Why the three project-wide IAM grants?The service account is granted three project-wide IAM roles: roles/browser, roles/secretmanager.secretAccessor, and roles/secretmanager.viewer. Matillion models the GCP project as the “vault” for this , equivalent to an Azure Key Vault or a Snowpark schema in other providers. The UI therefore surfaces a GCP Project ID selector when users define a secret, which needs roles/browser to enumerate projects and the two Secret Manager roles to list and read secrets within them.

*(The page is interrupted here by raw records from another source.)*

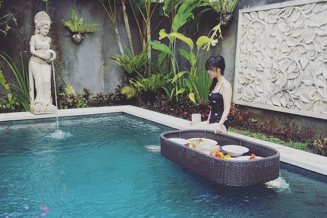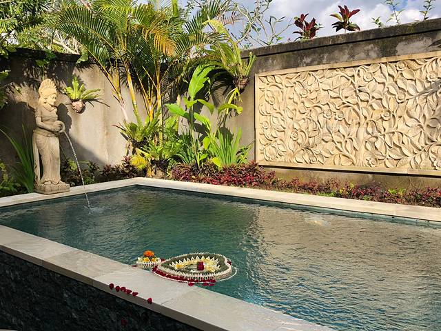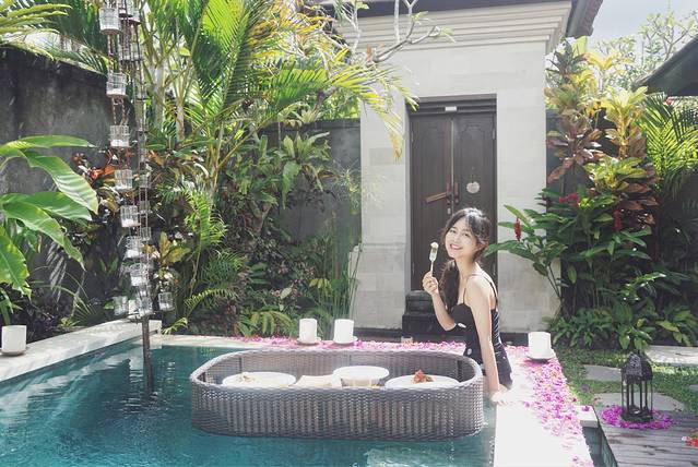 这间酒店是在booking上找到的,筛选条件是“带私人泳池”、“别墅”,朵妹觉得这是符合条件的酒店中性价比最高的了。在乌布逗留期间住这儿,有种身在丛林中的既视感。
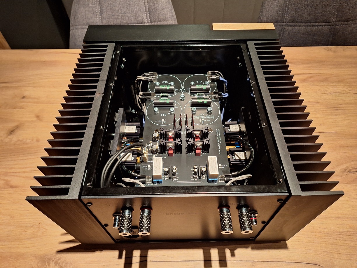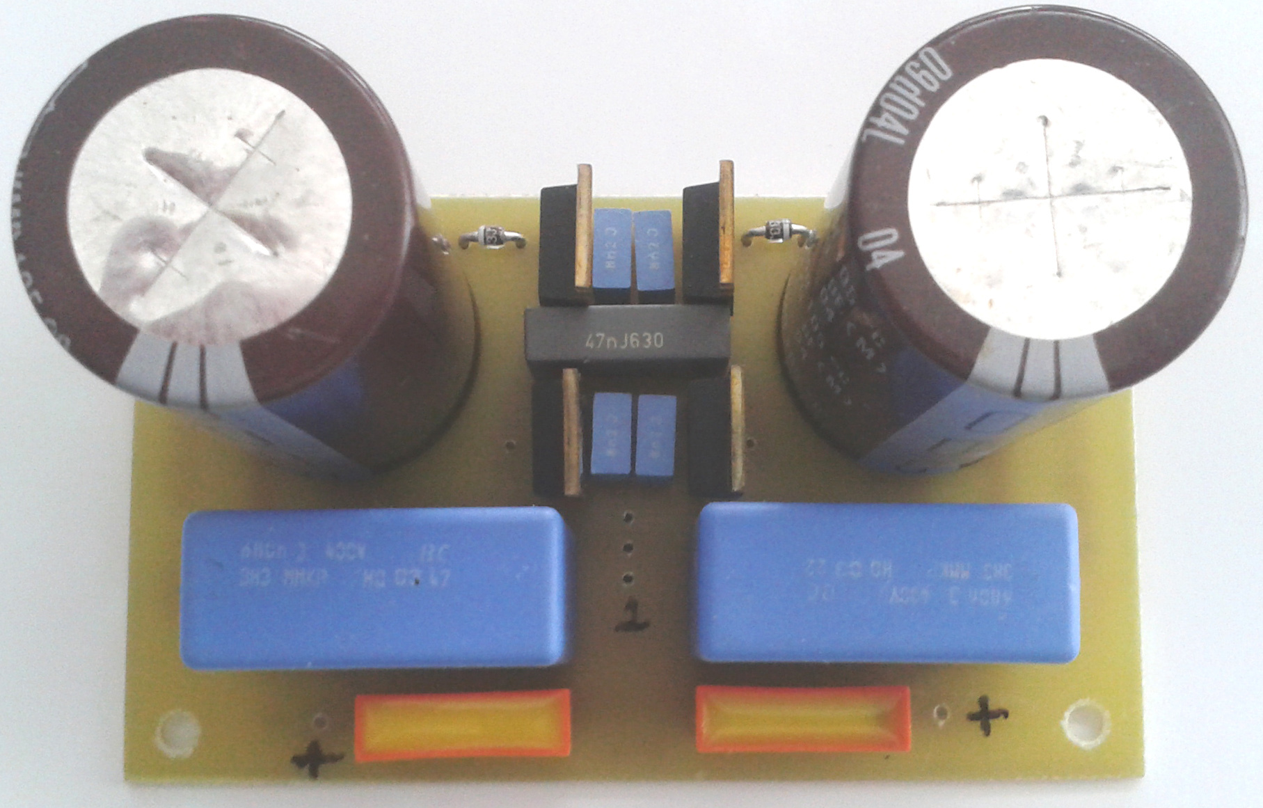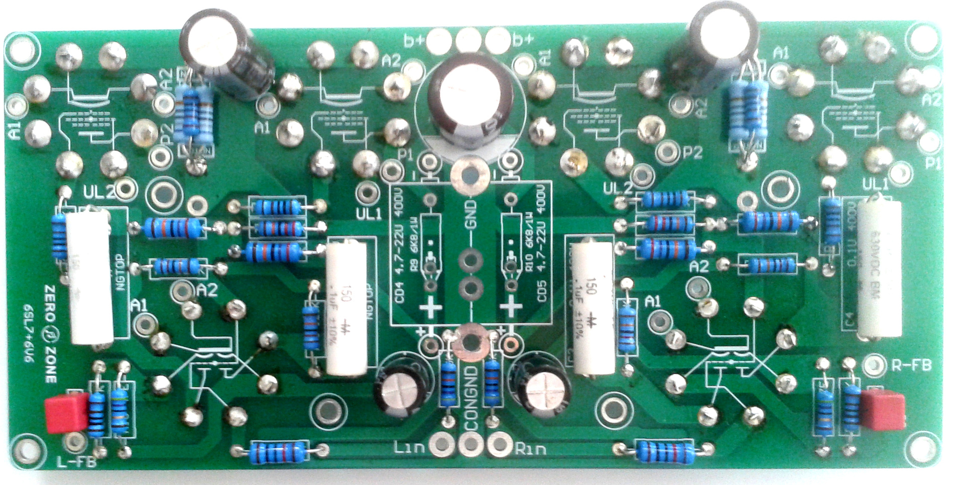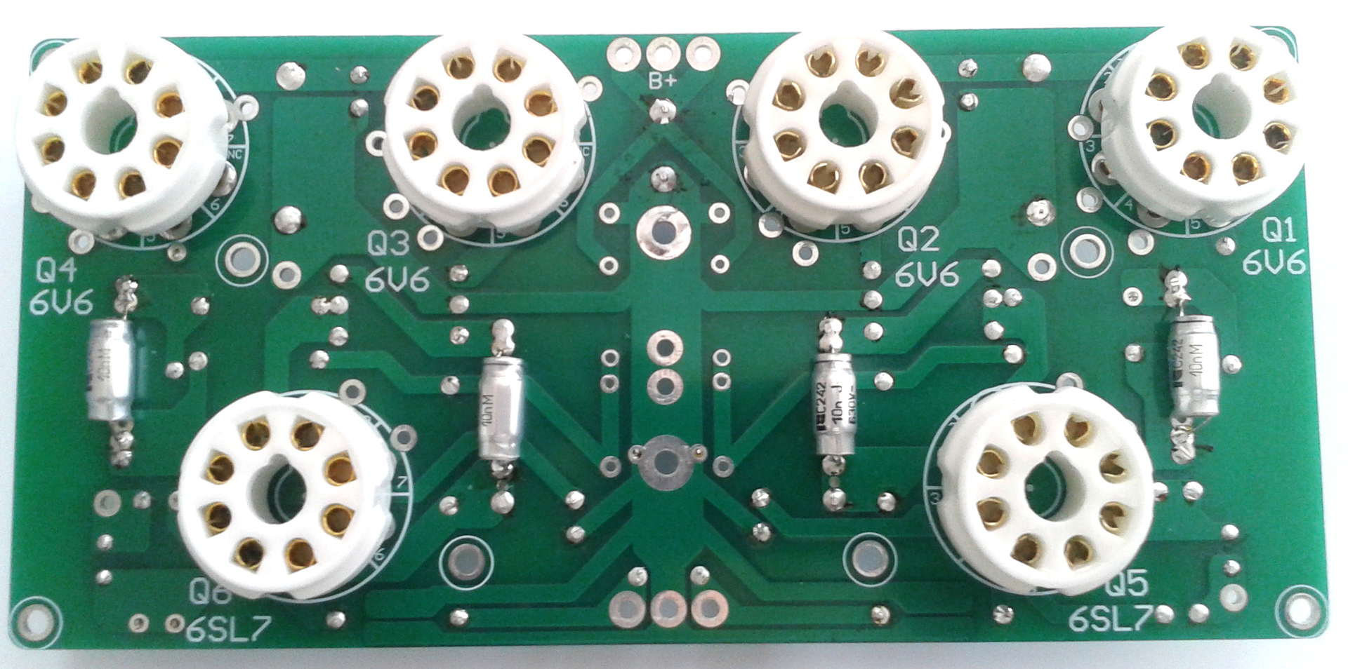Korrektnek láttam ezt a nyákot - kit/ebay - és elkezdtem az alkatrészekkel benépesíteni. A képeken látszanak az alkotók típusai. A két előcső tápját külön trafó és lebegőtápos stabilizátor adja, az anódokat diódákkal csatolásmentesítéssel gondoltam megoldani. Ilyen megoldást régi előerősítőben is láttam, egyik oldal puffere ugyan nem tud besegíteni a másik oldalnak, de az adott puffer csak a saját végcsöveinek a táplálását végezheti. A holmi 2 x 10W-ot képes produkálni a 6P6Sz végcsövekkel. Anódfesz 300V, az előcsövek stab tápja szintén 300V lesz. Diódák a hídban HFA08..., csatolásmentesítők 2x BYD33J, párhuzamos 8,2nF, szűrőelkók 2x470 uF, 0.11 esr, 680nF- 10nF a két oldalnak külön. Kimenők még csak papíron.
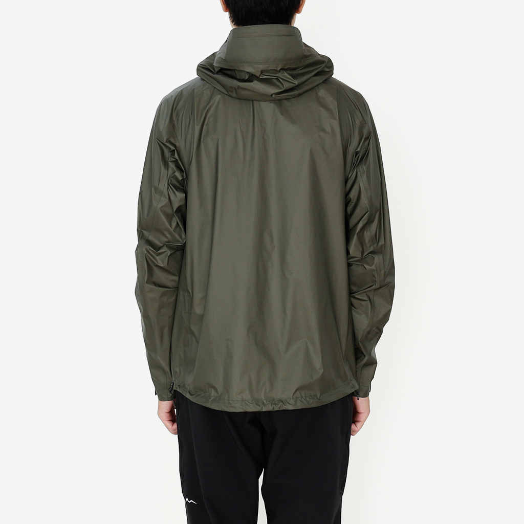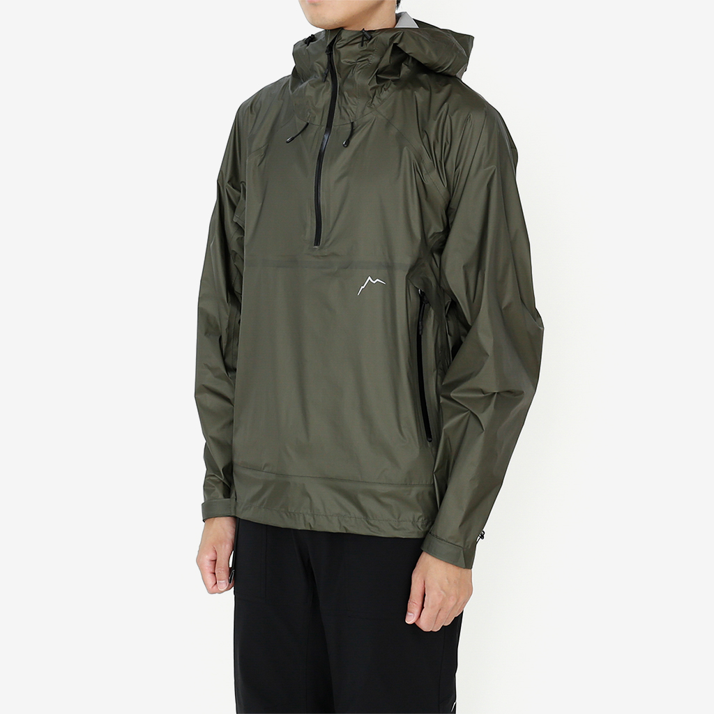 CAYL『Feather 3L Anorak』は、薄手の12Dナイロンと、高レベルの防水性、透湿性、低結露性を実現した防水透湿素材である東レ『Dermizax(ダーミザクス)』を使用して作られた3レイヤーの軽量レインジャケット。軽やかでウインドシェルのような着心地です。 両脇の下にはダブルジッパー式のベンチレーションがあり、行動中に素早く換気できます。また左脇側は下までオープンジッパーで大きく開けられるので、プルオーバーながら脱ぎ着はスムーズ。 フード部とウエスト部はストリングで絞れるようになっていて、手首はベルクロで調整できます。 フロントに配された大容量のカンガルーポケットがデザインのアクセントにもなっています。 収納時もコンパクトで、持ち運びも苦になりません。 NMGでは、Black、Khakiの2カラー展開。 フードはコードでしっかりフィッティング調整できます。 左脇側は下までオープンジッパーで大きく開けられるので、プルオーバーながら脱ぎ着は簡単。クイックに換気もできます。 右脇にもベンチレーション。 裾はコードで絞れ、シルエットや丈感も調整できます。 モデル:184cm/Lサイズ
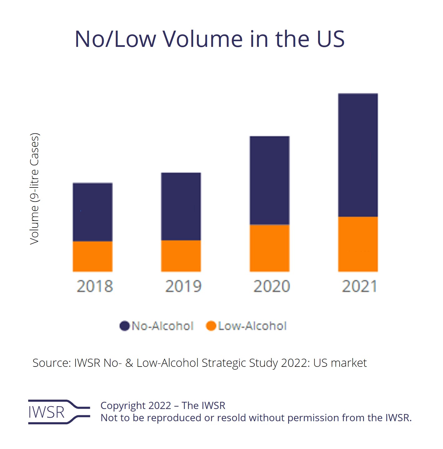 The total no/low alcohol segment in the US is currently valued at approximately $2.2bn, with volumes expected to continue to grow. While each no/low category in the US (across beer/cider, wine, spirits, RTDs, and alcohol adjacencies) has a different level of market maturity, no-alcohol products have, overall, commanded a greater share of the no/low segment in the US.
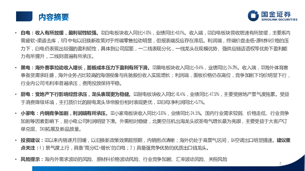 国金证券:家电行业2024三季报总结:内销筑底,外销景气延续.pdf
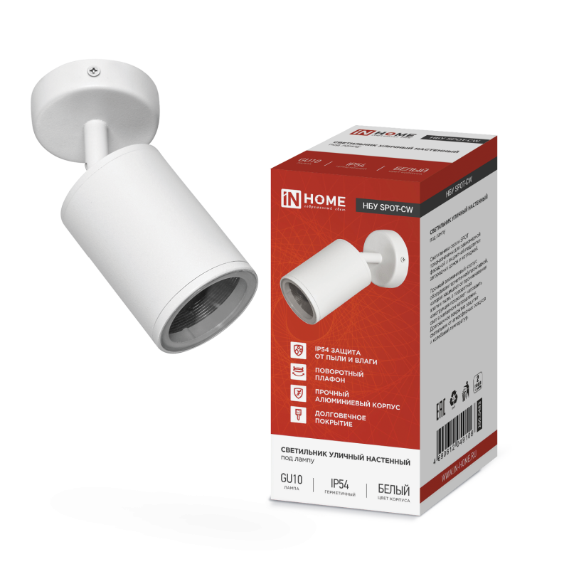 Светильник НБУ SPOT-CW IP65 230В уличный под лампу GU10 на основании алюм. бел. IN HOME 4690612049106
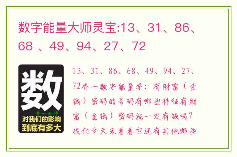 13、31、86、68、49、94、27、72乔一数字能量学:有财富(金钱)密码的号码有哪些特征有财富(金钱)密码就一定有钱吗?我们今天来看看它还有其他哪些特征
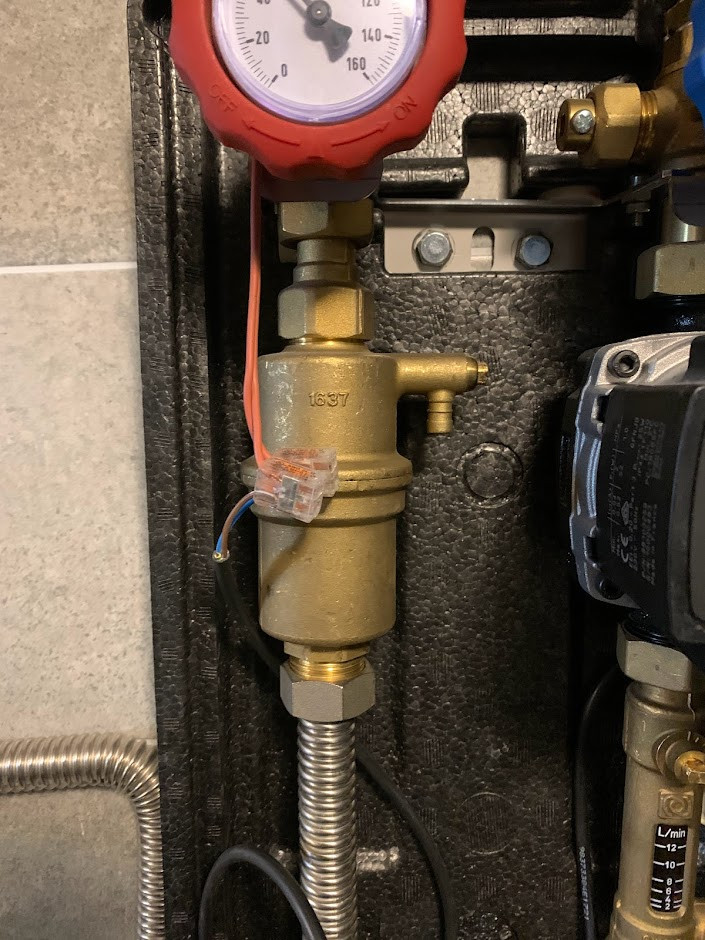 - Není to jen řemeslník k pohledání, ale i odborník přes elektro instalace. Prodloužení kabelu tepelného čidla kolektoru je spojeno wago spojkou a spokojeně si visí v krytu čerpadlové jednotky.
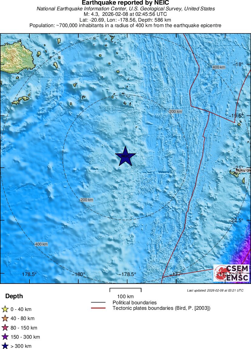 | 4.3 | 586 | 9992 | 02:45:56 | Link | Light earthquake - FIJI REGION - February 8, 2026 |
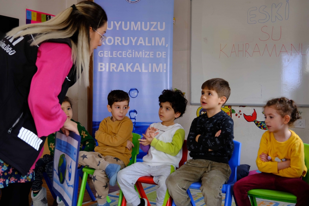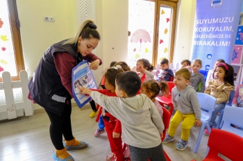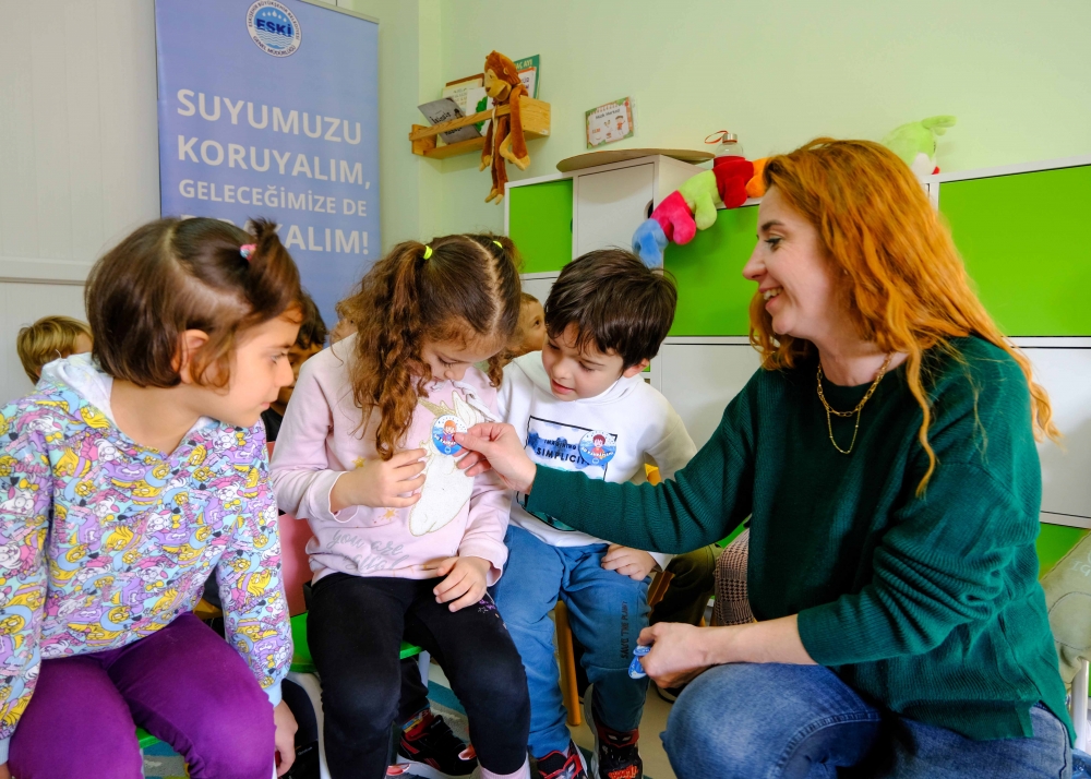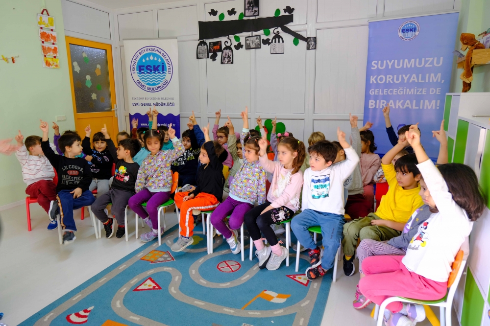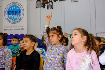 Eskişehir Büyükşehir Belediyesi Su ve Kanalizasyon İdaresi Genel Müdürlüğü (ESKİ), çocuklara su tasarrufu ve suyun önemini anlatıyor.
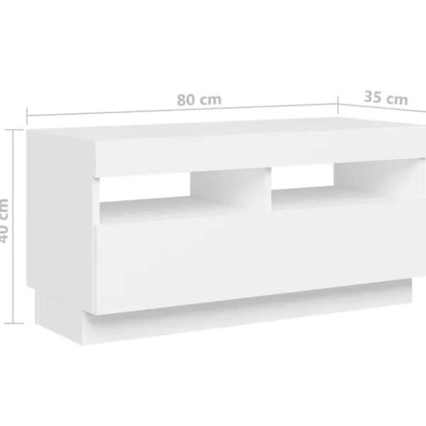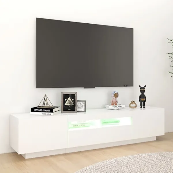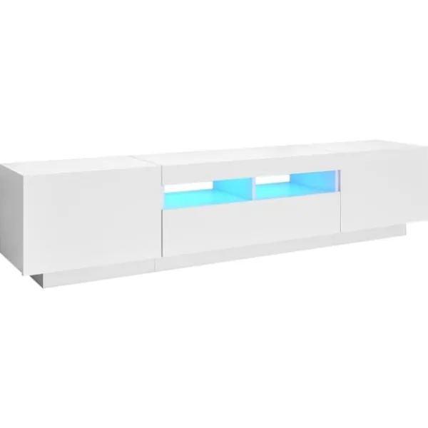 Tack vare sin trendiga och praktiska design blir denna TV-bänk med LED-belysning ett riktigt blickfång i ditt rum. Denna TV-bänk har en robust konstruktion som gör det mycket hållbart. Det finns gott om utrymme för att förvara din DVD-spelare, spelkonsol, strömenhet och mediebärare prydligt organiserade. Denna TV-bänk har RGB LED-lampor, med olika menyer för att ändra färg på lamporna och ställa in automatisk färgjustering. LED-lamporna understryker det moderna utseendet och bidrar till dess trendiga känsla. Dessutom är denna TV-enhet lätt att rengöra med en fuktig trasa. Obs: Denna tv-bänk består av 1 skåp med LED-lampor och 1 skåp som kan delas upp i 2 små skåp.Denna produkt har en USB-kontakt, men den certifierade 5V USB-strömkällan ingår inte.

After terraform apply completes, retrieve the Terraform outputs using:

terraform output cluster_name
terraform output runner_workload_sa_email

The runner_workload_sa_email is required for Helm deployment in Phase 4.

If you see an “identity pool does not exist” error during terraform apply, run terraform apply a second time. This occurs because the GKE Workload Identity pool takes a moment to propagate after cluster creation.

Where to implement: GKE Terraform module.

Phase 3: Configure kubectl access

You must configure kubectl to authenticate to your GKE cluster using the Google Cloud SDK. The gcloud container clusters get-credentials command retrieves cluster endpoint and certificate authority data, then configures your local kubeconfig file with GKE authentication. Install the GKE authentication plugin (if not already installed):

gcloud components install gke-gcloud-auth-plugin

The command is:

gcloud container clusters get-credentials <cluster-name> \
  --region <region> \
  --project <project-id>

Use the cluster_name from Terraform output for <cluster-name>, and the same region and project_id from your Terraform variables.

If the plugin was just installed, add the Google Cloud SDK binary directory to your PATH before running the get-credentials command: export PATH="/opt/homebrew/share/google-cloud-sdk/bin:$PATH".

Verification:

kubectl get nodes
kubectl get namespaces

You should see GKE worker nodes and default Kubernetes namespaces.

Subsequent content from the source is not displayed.